Die Bar25 hat sich am Anfang eine Genehmigung beim Baumamt geholt und dann ist da in den ganzen sieben Jahren nie wieder jemand gekommen. Wenn man an die ganzen Bauwerke denkt, die danach noch entstanden sind, ist das ein Wahnsinn. Was gerade bei uns und Clubs wie dem Stattbad Wedding oder dem Sisyphos passiert, ist eine neue Zeit. Das Ordnungsamt geht gerade mit einer Sense durch Friedrichshain. Ich glaube, dass dieses Technoveranstaltungsuniversum, wie das der Bar25, so neu war damals, dass sie nicht begriffen haben, was da vor sich ging. Jetzt werden Bücher darüber geschrieben. Diese Art Kulturbetrieb ist so bekannt, dass die Behörden sich das gar nicht mehr erlauben können darüber hinwegzusehen.
Ist es noch immer so, dass es so ungenehmigt laufen kann, so lange sich niemand offiziell beschwert?
Die meisten Clubs sind ja angemeldet, nur vielleicht nicht genau mit dem, was sie machen. Aber die Ämter sind total überlastet, um dem ganz genau nachzugehen. Sobald aber eine Anzeige eingeht, müssen sie das.
Was ist der alltägliche Unterschied zwischen damals und heute?
Auch wenn sich das jetzt so altklug anhört: Es war einfach eine ganz andere Zeit. Heute arbeiten wir mit Asana, Dropbox und Google Drive und Regeln und Rechten. Und damals war es das Marktplatzprinzip: Man saß in einer großen Runde zusammen und hat gemeinsam die Saison geplant. Das war sehr anarchistisch, aber am Ende war das Ergebnis immer rund und echt. Das war eine geile Blaupause für einen Kulturbetrieb.

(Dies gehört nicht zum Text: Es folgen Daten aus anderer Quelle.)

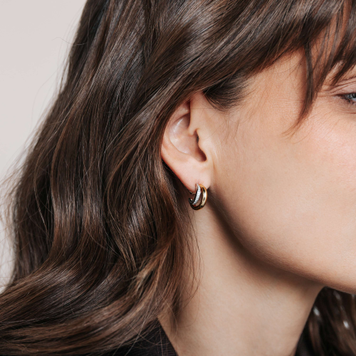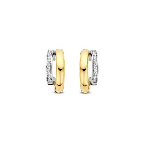 Omarm sculpturaal contrast met deze TI SENTO goudkleurig vergulde zilveren oorbellen 78035ZY. Vervaardigd uit 925 sterling zilver, vormt elke oorbel een gedurfde, asymmetrische ring bestaande uit twee in elkaar grijpende bogen: één strak en goudkleurig verguld, de ander platinakleurig verguld en pavé-gezet met briljant geslepen witte cubic zirconia. De vloeiende compositie creëert een subtiel samenspel van licht, kleur en textuurâ?"perfect om zowel minimalistische outfits als avondlooks te verrijken. Compact maar opvallend, bieden ze een verfijnde twist aan klassieke hoops. Nikkelvrij en hypoallergeen, ze garanderen moeiteloze elegantie en draagcomfort voor de gevoelige oren gedurende de hele dag. General |

Wie bist du da überhaupt hineingeraten?
Ich habe in München bei einer Plattenfirma gearbeitet, bin dann nach Berlin gezogen und habe Gesellschafts- und Wirtschaftskommunikation studiert und meinen Lebensunterhalt mit DJ-Jobs bestritten. Ich habe damals im Rodeo und bei der Live-Demo als Hip-Hop-DJ aufgelegt. Wenn meine Schicht dort vorbei war, bin ich in die Holzmarktstraße gefahren – gerade als die Sonne aufging. Durch das Feiern habe ich dann Leute wie Britta Arnold (Anmerkung d. Red.: damals Barfrau und Nachtmanagerin, heute DJane) und Danny Faber kennengelernt. Eines Nachts fragte sie mich spontan, ob ich für sie eine Schicht an der Bar übernehmen kann. Das habe ich wohl ganz gut gemacht. Am nächsten Tag kamen die Gastro-Chefs und sagten "Du arbeitest jetzt hier." Ich meinte, dass sie das was falsch verstanden hätten. Aber sie meinten nur so: "Nein, du arbeitest jetzt hier".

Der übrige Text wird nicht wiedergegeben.